The Chinese Communist Party (CCP) appears to be targeting Chrsitian parents by hindering their children's education if they continue their religious practices. The communist regime is reportedly using innocent children to monitor their parents to keep them in check.
The International Christian Concern (ICC) reported that Todd Nettleton of The Voice of the Martyrs USA blew the whistle on how authorities of communist China are targeting Christian children to keep their parents under heavy surveillance. CPP authorities are also threatening Christian parents that their children may not be allowed to pursue higher education if they continue with their religious activities.
"I [spoke] earlier this week with one of my coworkers who has been involved in China for decades...he talked about how children are being used against their Christian parents, and that's happening in several different ways," Nettleton said, as reported by Mission Network News.
"Children are being used, essentially, as spies against their parents," Nettleton, who is a spokesman for the Pastor Richard Wurmbrand-founded nonprofit, interdenominational missions organization that advocates for persecuted Christians globally, explained. "On the other end of the spectrum, parents who attend church are threatened with their children's education."
Christian parents in communist China are often worried that their children will be exposed to brainwashing with CCP propaganda in school and have decided to homeschool their children or send them to schools run by Christian organizations. But CCP authorities consider these religious schools as illegal and resort to raiding and shutting them down as part of its overall control on Chinese citizens, especially religious minorities.
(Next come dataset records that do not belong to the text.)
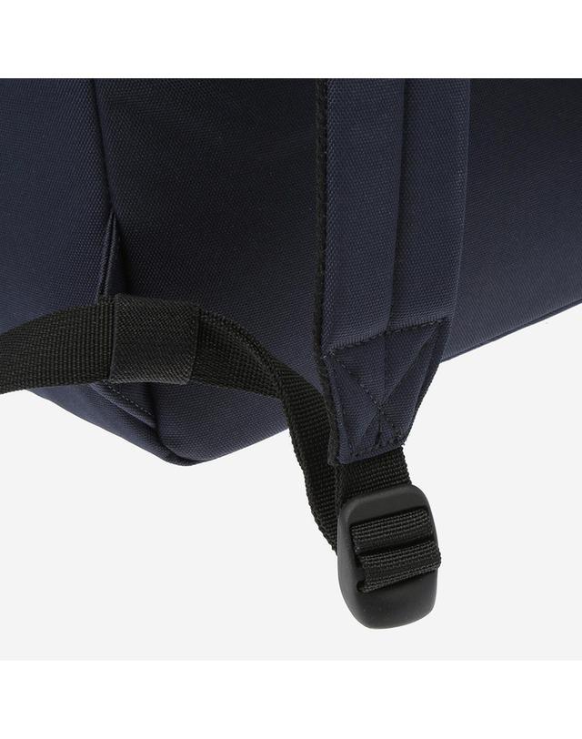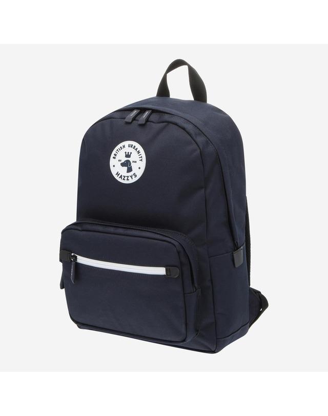 네이비 컬러의 라운드 배색 패치와 앞 지퍼 장식이 포인트인 백팩입니다.
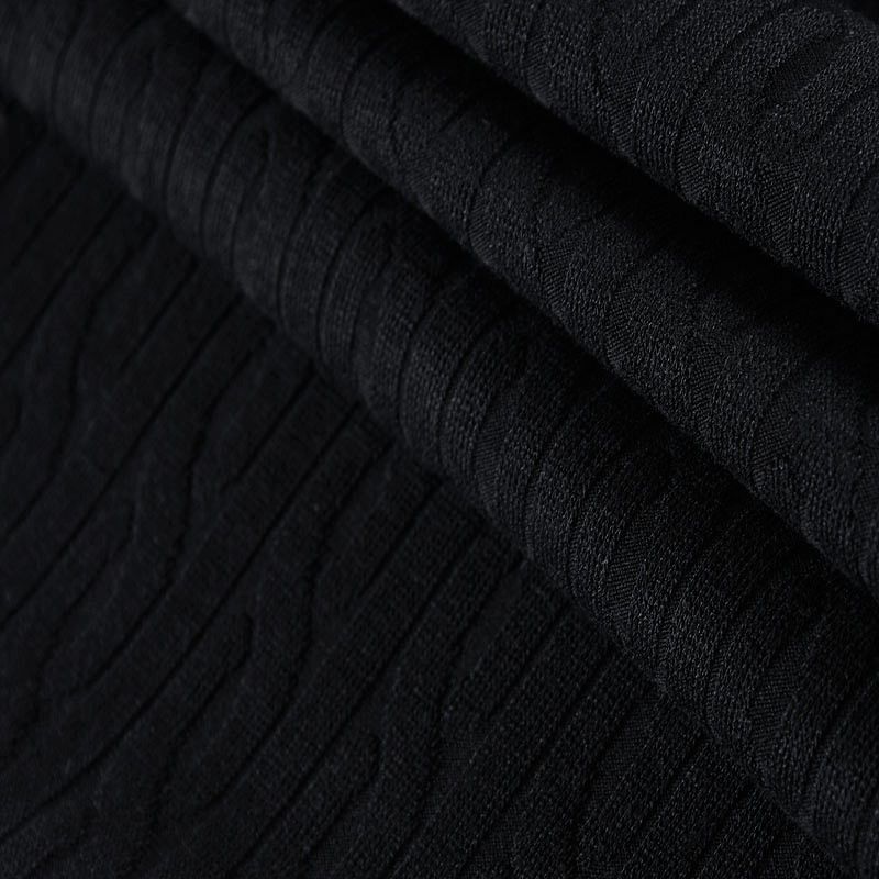 Текстурное вязаное, мягкое, пластичное полотно средней плотности. Вязаный узор - стилизованая косичка, расположен по всему полотну. Подойдет для пошива боди, топа, лонгслива, кардигана, юбки, платья, водолазок, снудов.
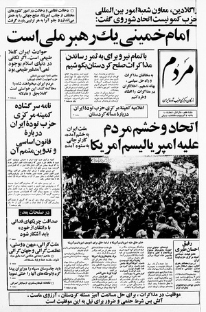 روزنامه مردم روز یکشنبه ۴ آذر ماه ۱۳۵۸
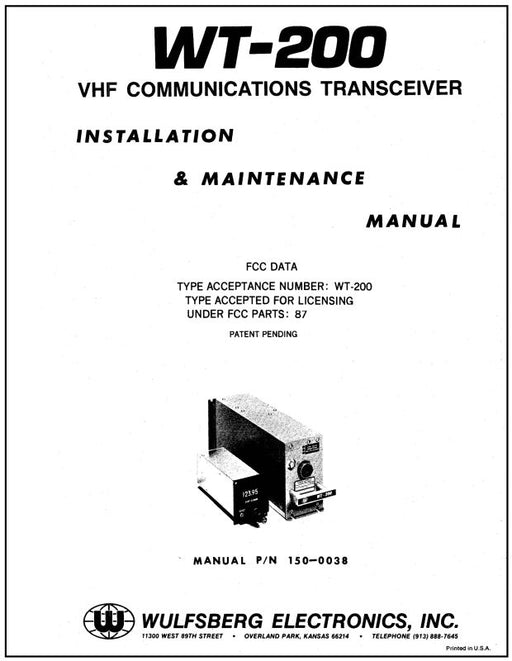 Wulfsberg Electronics, Inc. WT-200 VHF Comm. Transceiver Maintenance and Installation (150-0038)
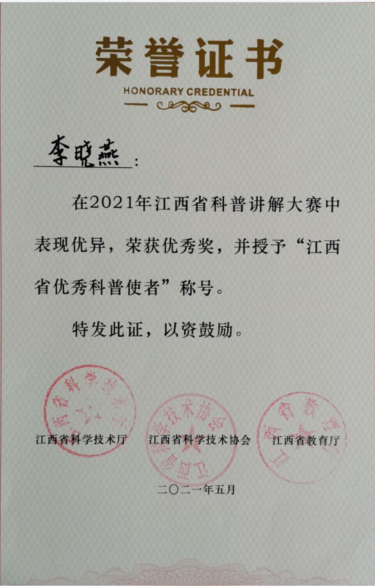 近日,由江西省科技厅、省科协、省教育厅主办的2021年江西省科普讲解大赛在江西省科学技术馆成功举行。我校医学院、信息工程学院、协同创新中心三个省级科普基地参加此次大赛并荣获优秀组织奖,参赛选手李晓燕同学荣获“江西省优秀科普使者”称号。
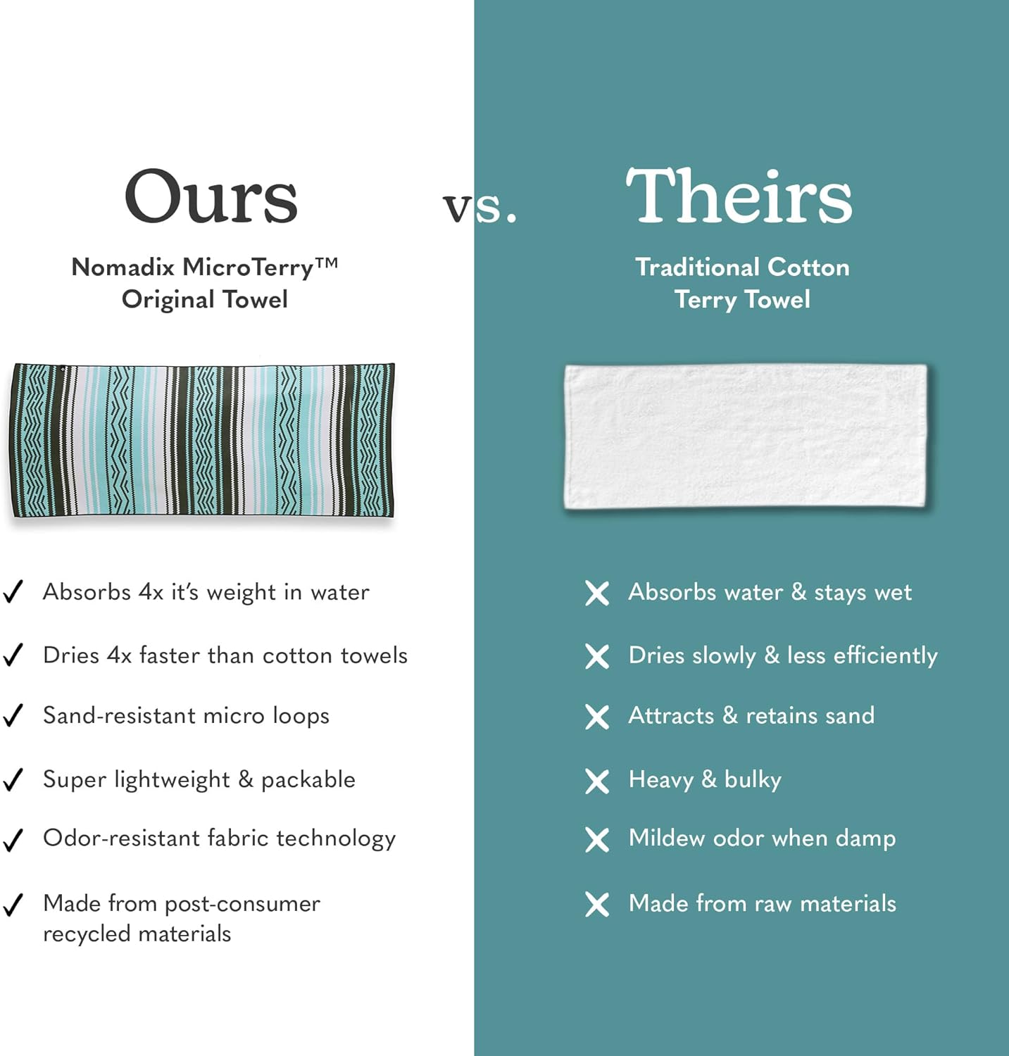 - Made With Post-Consumer Recycled Materials: We aren't using virgin plastic to make our products. We source already used plastics to build our towels.
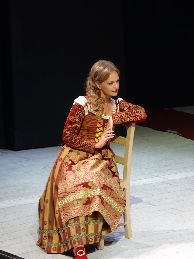 Не меньшее удовольствие доставило мне участие в постановке этой оперы в Театре Массимо Беллини в Катании в мае этого года — там была восстановлена аутентичная постановка 1831 года (т.е. спектакль и декорации, которые были созданы ещё при жизни самого Беллини). Красота костюмов, мизансцен, декораций помогли мне полнее прочувствовать мою героиню и понять атмосферу, дух и эстетику той эпохи, в которой жил и творил композитор.
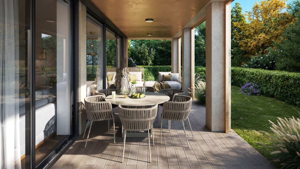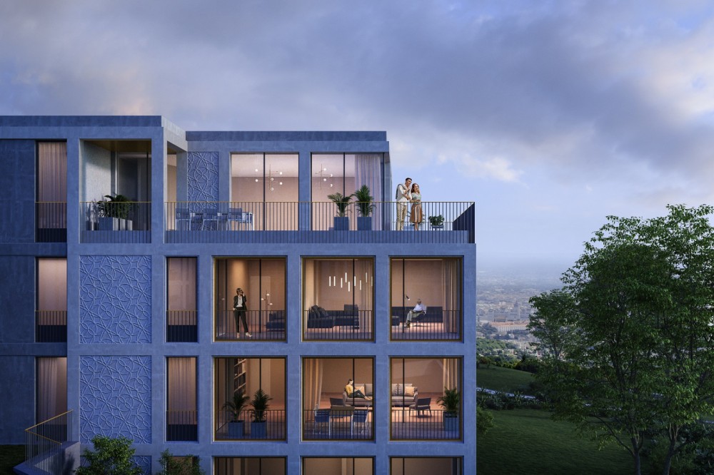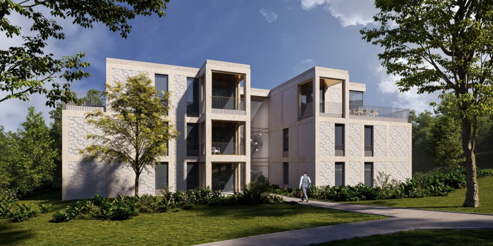 Az új villákat úgy telepítjük, hogy a fantasztikus panoráma a lehető legtöbb lakásból élvezhető legyen. Minden lakás sarok pozícióban helyezkedik el, így azok legalább két homlokzati oldallal rendelkeznek, sarkokon fedett loggiákkal. A lakások több irányból kapnak természetes megvilágítást, és az épületek elforgatásával a lakóegységek intimitása is biztosított. Az újjászületett helyi védett épület kiegészítéseit és a köré telepített új villákat mai építészeti eszközökkel fogalmaztuk meg. Ez az architektúra a helyi értékekből táplálkozik, az épületek részletképzései a régi elemek kortárs interpretációi: a loggiák, a homlokzati tagolás és az absztrahált ornamentika a szomszédos üdülőszállók és svábhegyi villák világát idézi meg mai nyelven. A régi és az új harmonikus együttese hitünk szerint értékálló designt eredményez.
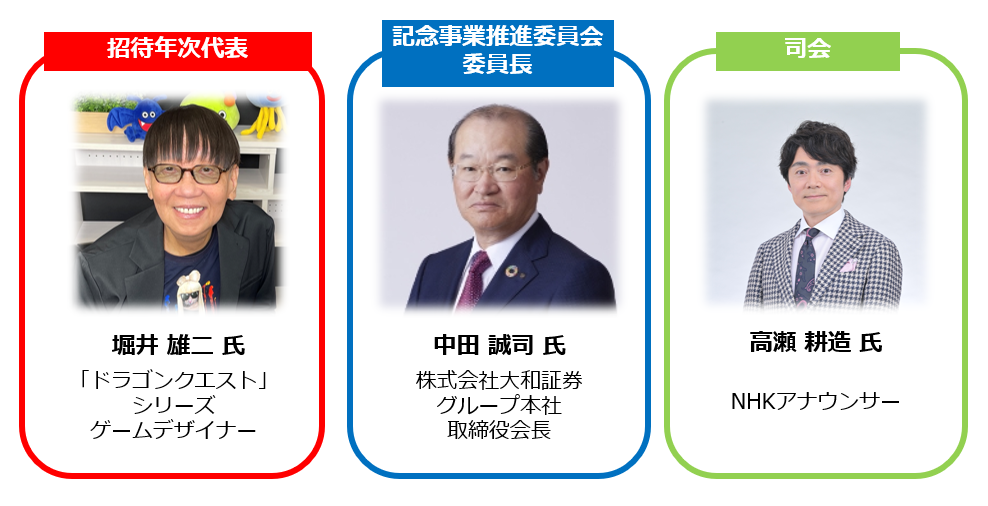 本セレモニーでは、記念事業推進委員会委員長である株式会社大和証券グループ本社 取締役会長 中田 誠司氏のご挨拶に加え、国民的RPG「ドラゴンクエスト」シリーズの生みの親であるゲームデザイナーの堀井 雄二氏、NHKアナウンサーの高瀬 耕造氏をはじめ、多彩な分野で活躍する校友が登壇します。
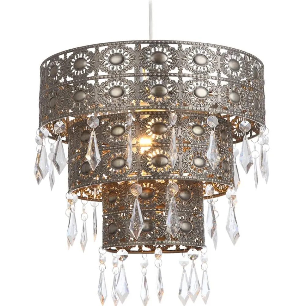 Antiikkimessingin värinen, kaunis, kerroksellinen Naomi riippuvalaisin. Materiaalina metalli, jossa kirkkaita akryylipr…
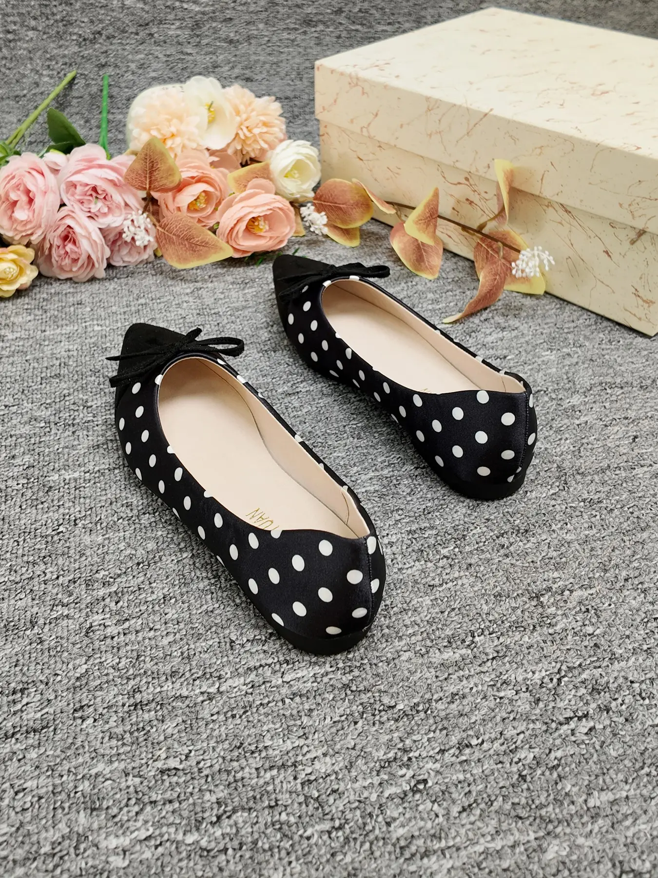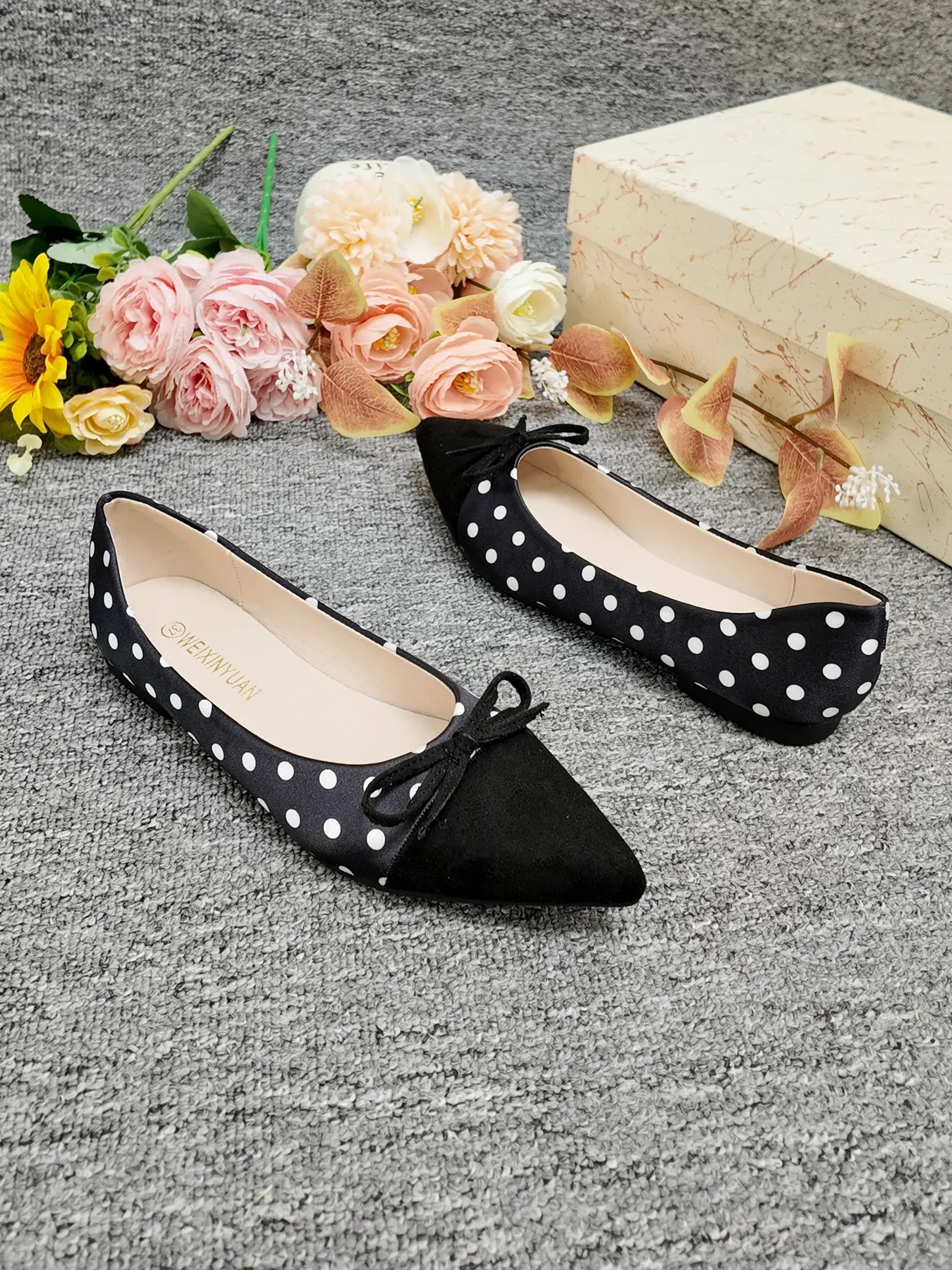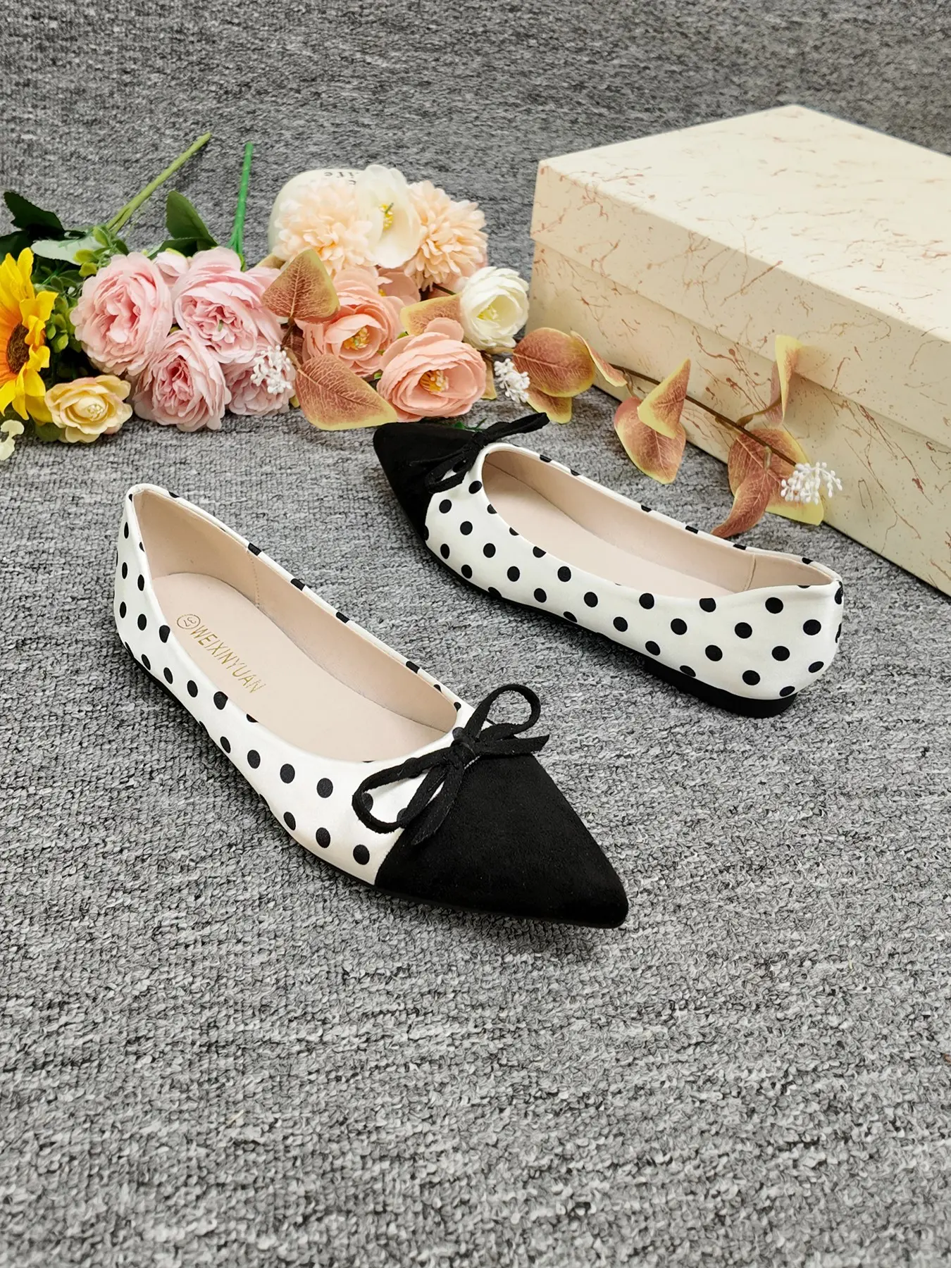 Elegant Polka Dot Colorblock Pointed Toe Shoes, Bow Soft Sole Low Heel Flats, Professional Office Women's Shoes
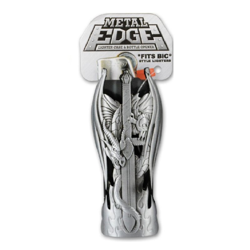 Metal Lighter Case for BIC Lighters, Lighter Protector and Bottle Opener - Dragon Design
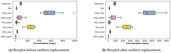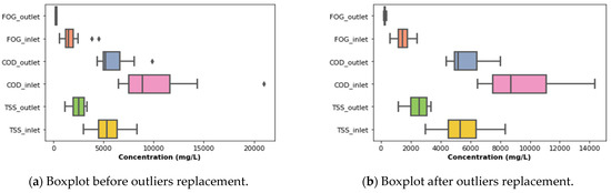 From Figure 9a, it can be observed that the distribution of the inlet COD and TSS had an outlier each. These outliers were replaced with the median value of each affected distribution, as depicted in Figure 9b. From the latter, it can be observed that the data processing step addressed the challenges associated with the presence of outliers in the listed distribution and led to a further analysis of the performance of the DEGBR, as illustrated in Figure 10 indicating how the fluctuations varied for the concentration of TSS, FOG and COD at the inlet and outlet of the DEGBR, including their corresponding removal efficiencies.
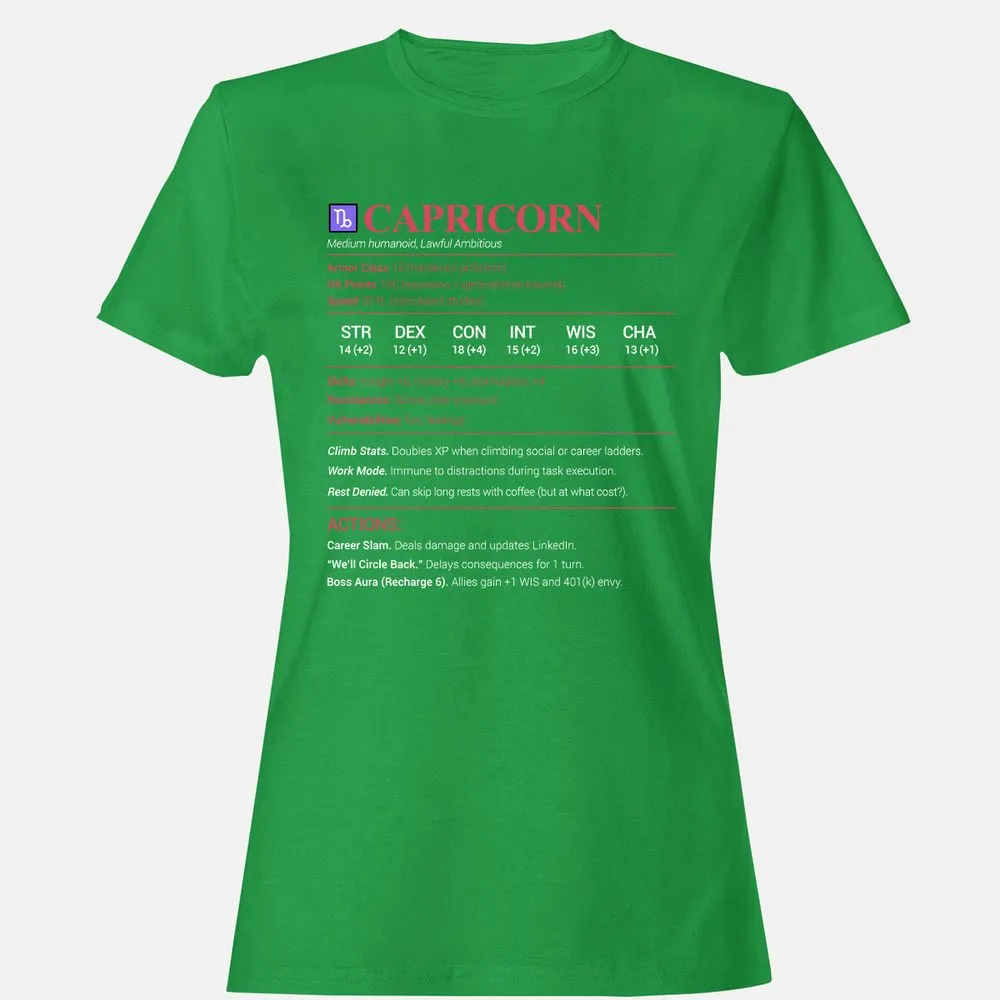 Capricorn Stats Women's T-Shirt - Irish Green - 7

In fact, CCP authorities have already cracked down on children's educational materials, even at home. In June, Chinese parents whose kids entered Chengde Primary School were told to "conduct a thorough search for religious books, reactionary books, homegrown reprints or photocopies of books published overseas, and for any books or audio and video content not officially printed and distributed by Xinhua Bookstore," Radio Free Asia reported.
Communist China also appears to be tightening its grip on education for Chinese children. A new report from Radio Free Asia reveals that on June 15, the CCP Ministry of Education established a new department to "monitor off-campus education and training provision, to implement 'reforms to the off-campus education and training sector.'"
The CCP's State Administration for Market Regulation also announced on June 1 that it shall be "rectifying" tutoring services from Tencent and Alibaba and fined them about U.S. $5.73 million for regulatory violations. Communist China's crackdown on tutoring to further control material that is being taught to young Chinese children will also come with "changes to private education, with a directive ordering private schools run by prestigious public schools for profit to nationalize within two years."
Communist China recently established a three-child rule in an attempt to address an aging population, a detriment to its plans of competing with the West to be a global superpower. However, Chinese citizens pushed back, decrying high costs of living and tuition fees. A recent poll posted by the official Xinhua news agency on its official Weibo social media platform showed that up to 29,000 out of 31,000 respondents were not interested in having more children.